MATERIAL SUPPLIED.
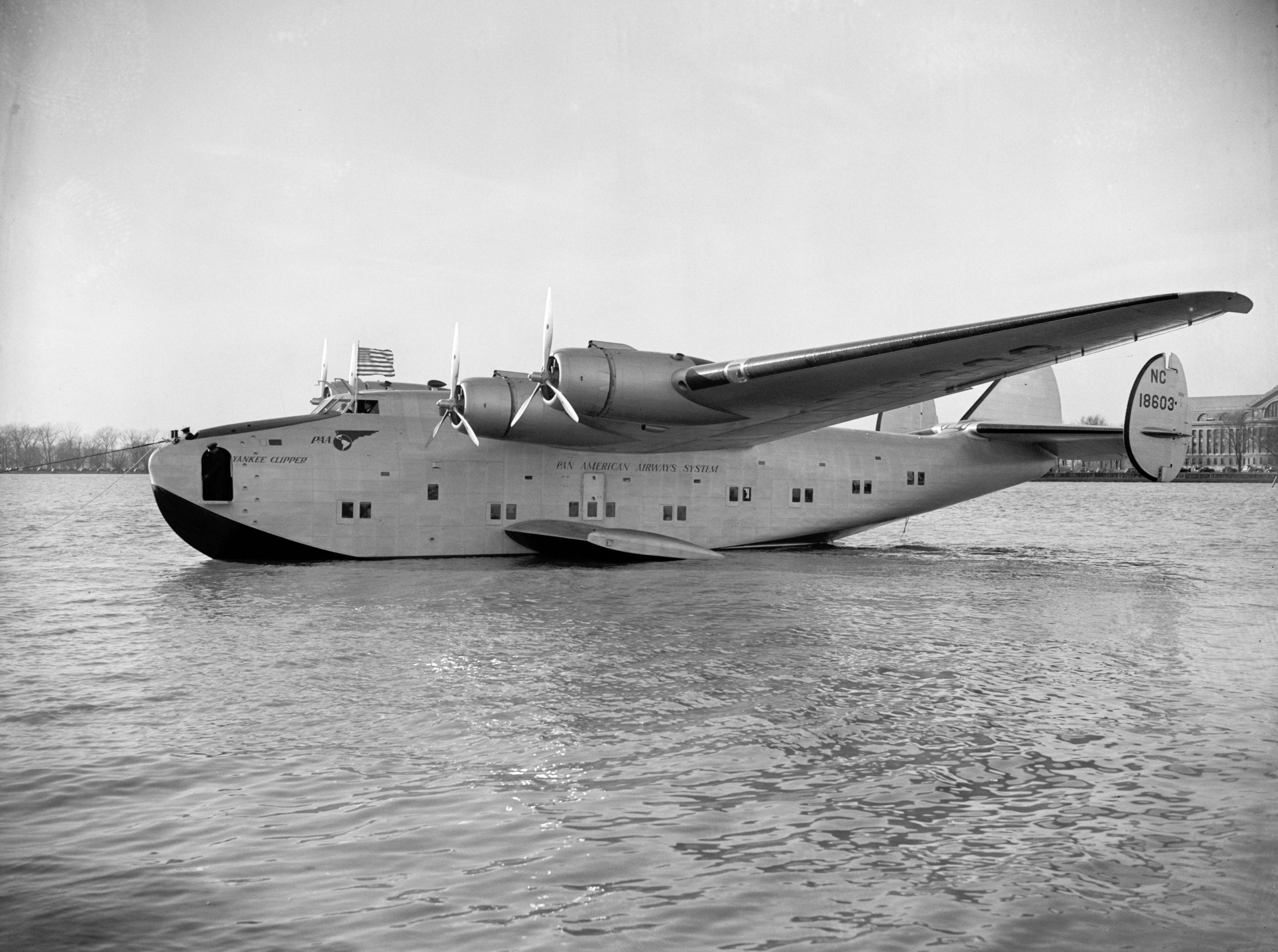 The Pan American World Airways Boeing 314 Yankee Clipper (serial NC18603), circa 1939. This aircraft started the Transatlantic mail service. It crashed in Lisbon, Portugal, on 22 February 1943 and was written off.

--

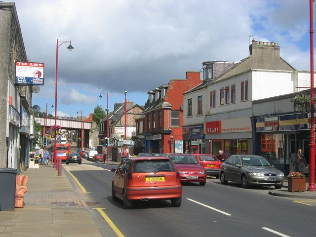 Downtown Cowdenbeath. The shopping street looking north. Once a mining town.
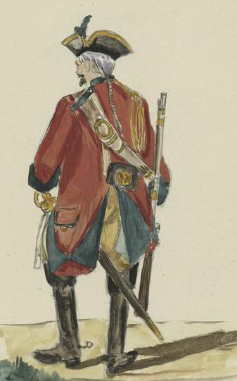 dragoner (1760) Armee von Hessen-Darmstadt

* * *

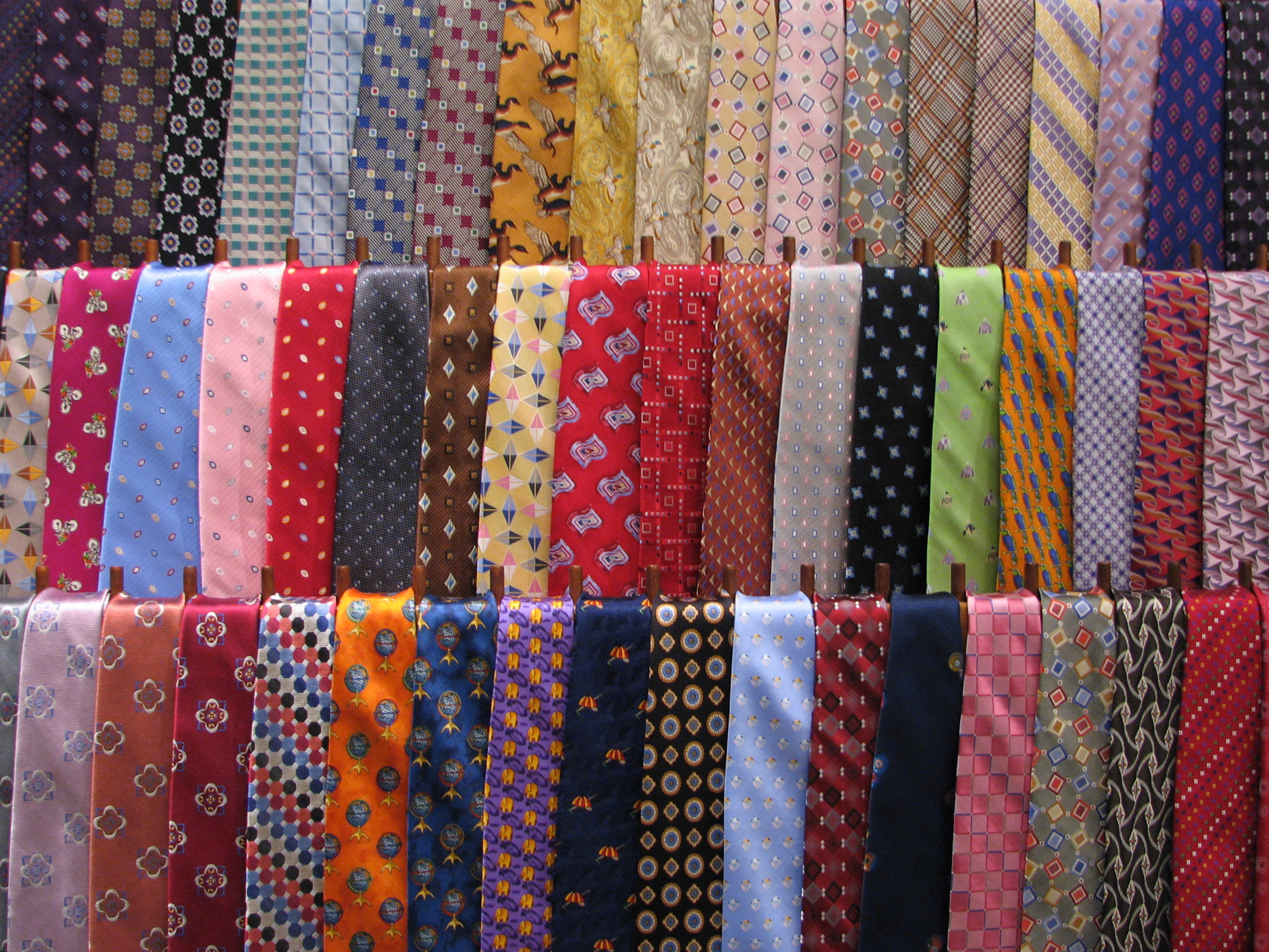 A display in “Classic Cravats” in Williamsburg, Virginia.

YOUR GOAL. Using the data above, output the line that has "Downtown Cowdenbeath. The", the line that has "dragoner (1760) Armee von Hessen-Darmstadt", and whatever lines fall between, each exactly as it stands and without pictures.

OUTPUT OF THE TASK.
 Downtown Cowdenbeath. The shopping street looking north. Once a mining town.
 dragoner (1760) Armee von Hessen-Darmstadt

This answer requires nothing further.